The airport’s ramp will receive a fresh prime coat and new asphalt, while the 5,000-foot by 100-foot runway on Mainsail Drive is undergoing a complete rehabilitation, Vergo said.

The completed project will have 12 inches of subgrade material, a 6-inch limerock base and layers of asphalt on top, Vergo said.

Upon reopening, the Marco airport will institute a series of nighttime closures after 30 days have elapsed to groove the runway to help with drainage, Vergo said.

The Marco airport hosts an estimated 20,000 takeoffs and landings annually, with 70 percent of its traffic coming between Christmas and Easter. In season, that’s about 3,000 takeoffs and landings per month.

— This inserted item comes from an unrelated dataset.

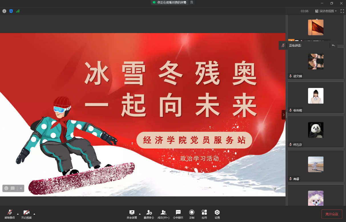 2022年3月13日,北京冬残奥会闭幕式在北京国家体育场“鸟巢”如期举行,历时九天的“冰雪之约”就此划上了圆满的句号。为了弘扬“勇气、毅力、激励、平等”的残奥价值观,使同学们进一步感受到来自残奥运动员身上所具备的拼搏精神和顽强意志,3月18日经济公司党员服务站通过线上直播的形式举办了“冰雪冬残奥,一起向未来”政治学习活动。本次活动涵盖面广,共有18至21四个年级250位站员参加。活动由20级贸经一班的姚奕主持。

Air traffic has been diverted to Immokalee Regional Airport, Everglades Airpark and Naples Municipal Airport during the shutdown.

In addition to the runway project, the Marco Island airport is undertaking other upgrades, Vergo said.

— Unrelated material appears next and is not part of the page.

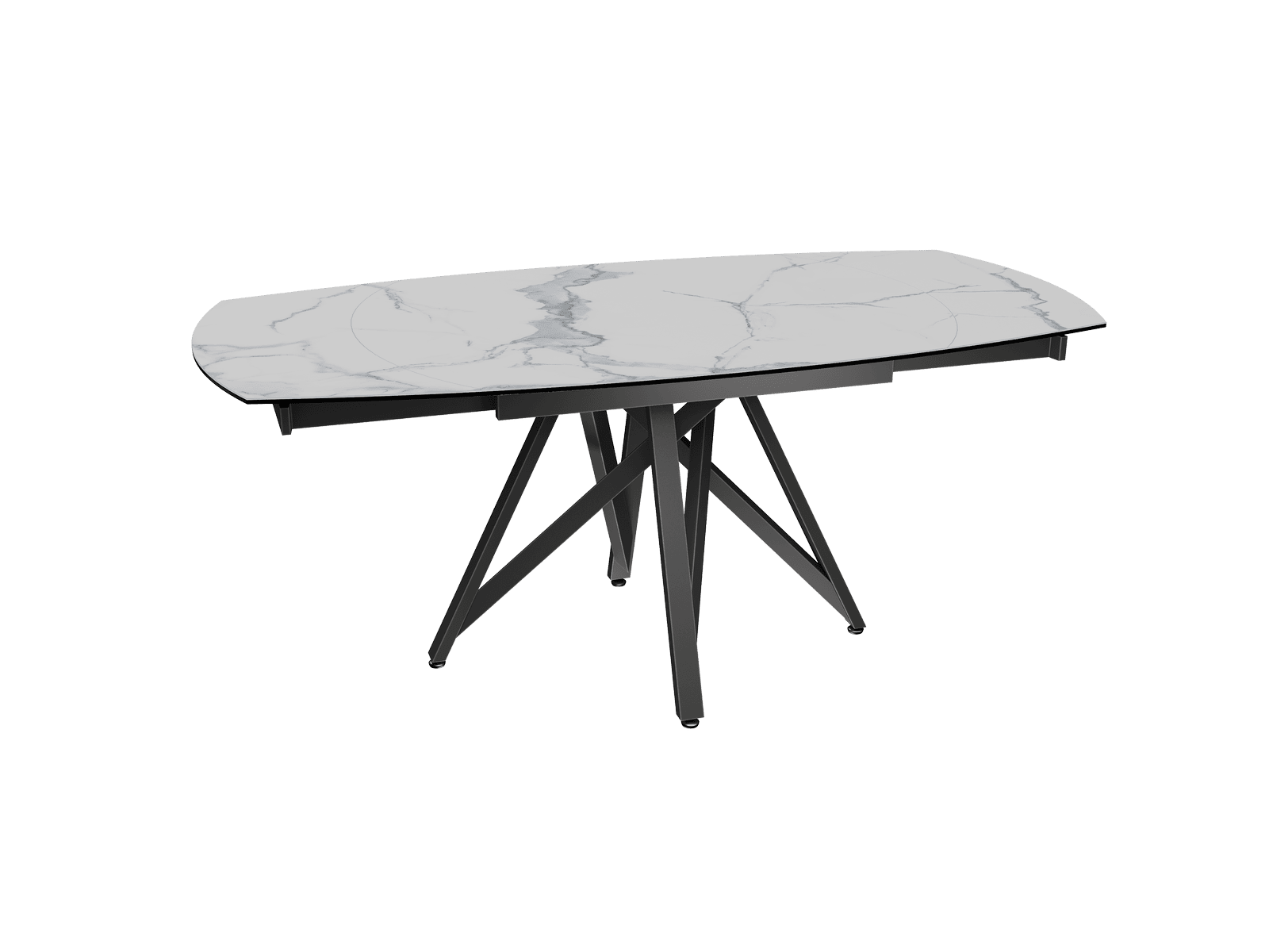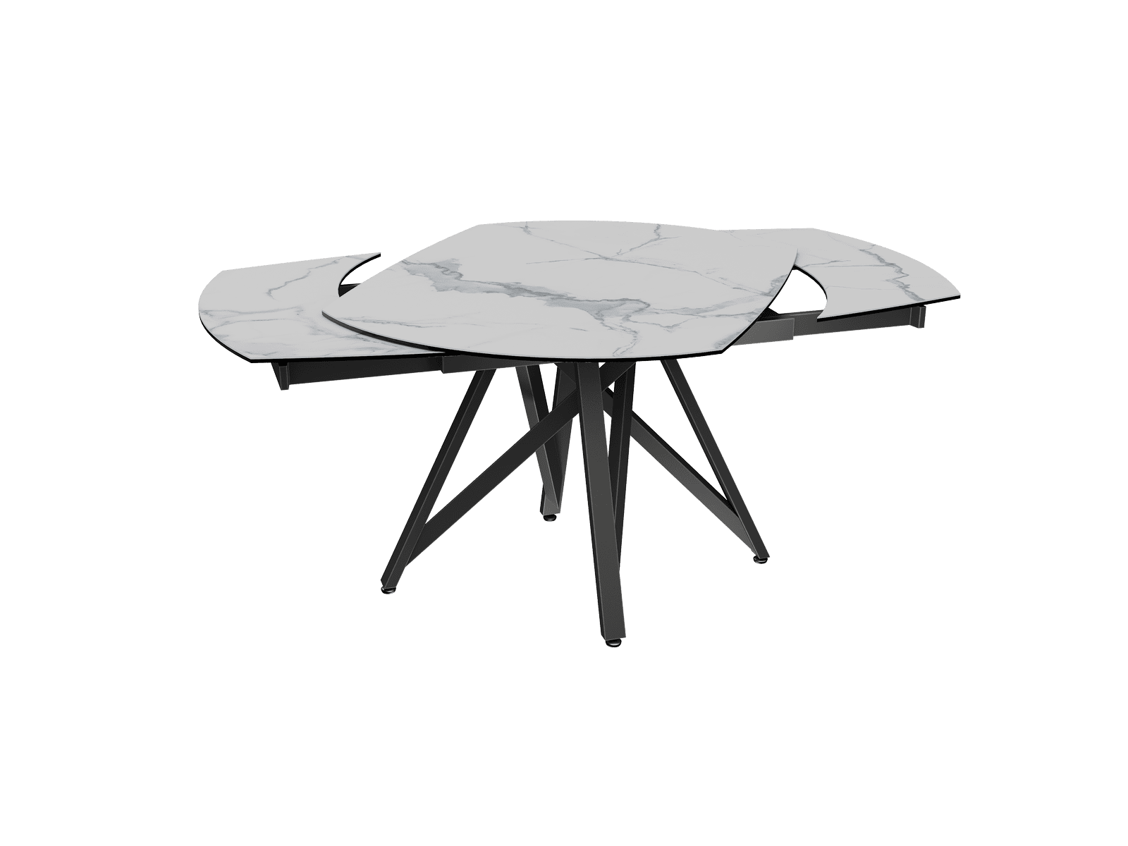 Dimensiones y detalles Peso neto : 90,5 Kg Color : Marmól mate Dimensiones : 120 x 90 x 76 cm Dimensiones abiertas : 180 x 90 x 76 cm Altura : 76 cm Ancho : 90 cm Largo : 120 cm Mecanismo sincronizado Número de comensales : 6-8 personas Base : Acero lacado negro mate Superficie : Cerámica de 3 mm pegada sobre vidrio de 8 mm

“We’re going have LED runway edge lighting now, which is a lot more energy efficient and reliable” than the old halogen lighting, he said. “The (previous) lighting system was very old, and the fixtures were getting corroded. We’re in a very corrosive environment, surrounded by brackish saltwater on three sides and subject to tidal flow, and it was just time to upgrade the lights.”

The airport also will employ a new emergency backup generator for runway, taxiway and edge lights, Vergo said.

Vergo said the Marco airport’s five full-time employees have been kept busy in the interim.

“They’re assisting at the Immokalee and Everglades airports and doing projects at the Marco terminal,” he said. “Repainting, flooring work, landscaping, equipment maintenance — upgrading the facility and maintaining it.”

Tweedie previously said the Marco airport is undertaking the project during the height of tourist season for two reasons — low elevation of the site means avoiding rainy season, and crocodile nesting season.

“The areas at the north and east ends of the runway are adjacent to wetlands that are federally protected, and our grant stipulates that no work can be done during crocodile nesting season, which begins March 1 and goes until September,” Tweedie has said.